Dacian and Daco-Roman historical site in Corabia, Romania

Ancient fort of Sucidava - walls plan

Ancient city of Sucidava

Sucidava (Sykibid, Skedevà after Procopius of Caesarea, Σucidava after Vasile Pârvan, where Σ is pronounced "sh") was a Dacian and Daco-Roman city situated in Corabia, Romania, on the north bank of the Danube. It developed from the 270s AD and especially after the construction of Constantine's Bridge the northern side of which it protected.

==History==

It was a significant economic and military centre of the Dacian Suci tribe.

The Roman fort, one of the largest Roman forts in Oltenia, was built over the former Dacian citadel in the 270s at the time of Roman withdrawal from Dacia to protect the Roman pontoon bridge and road there.
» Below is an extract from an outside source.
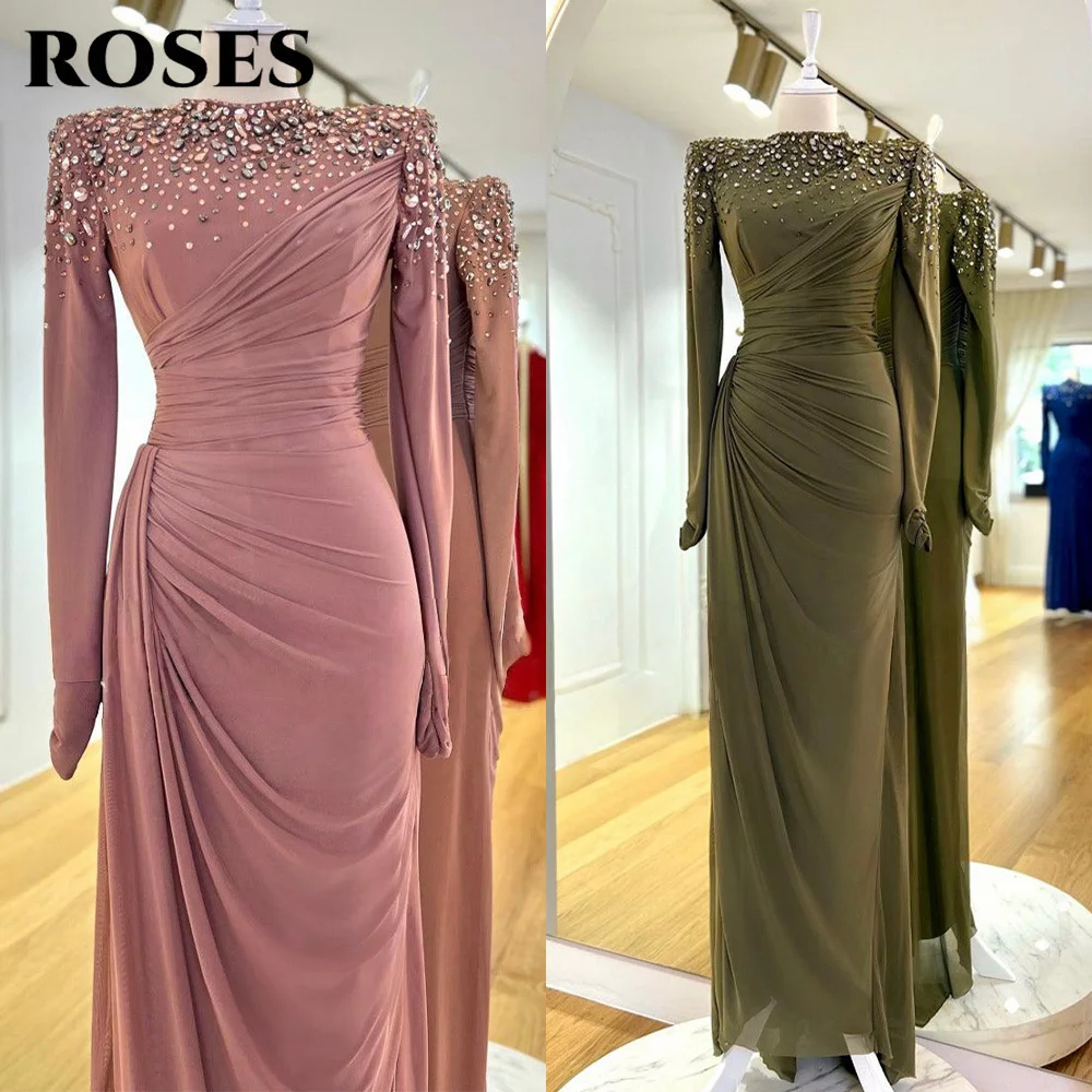 ROSES rose mousseline de soie col haut robes de bal froncé manches longues brillant strass ro...

The defensive walls with eight towers of the late Roman town of Sucidava can still be seen.

Constantine's Bridge (Danube) was built nearby over the Danube in 328 in order to start his reconquest of Dacia. Sucidava had its own defensive walls protecting the city and the bridge. The bridge connected to the Oescus fort in Bulgaria which protected its southern end.

The city developed around the fort. The archaeological evidence shows that in 443–447 the city and the fort were sacked by the Huns, and were restored under Justin I 518–527 or Justinian I 527–565. Around 600, it seems that the Roman garrison abandoned the city.

The first Christian Basilica established in Romania can be found there. There is also a secret underground fountain which flows under the walls of the town to a water spring situated outside.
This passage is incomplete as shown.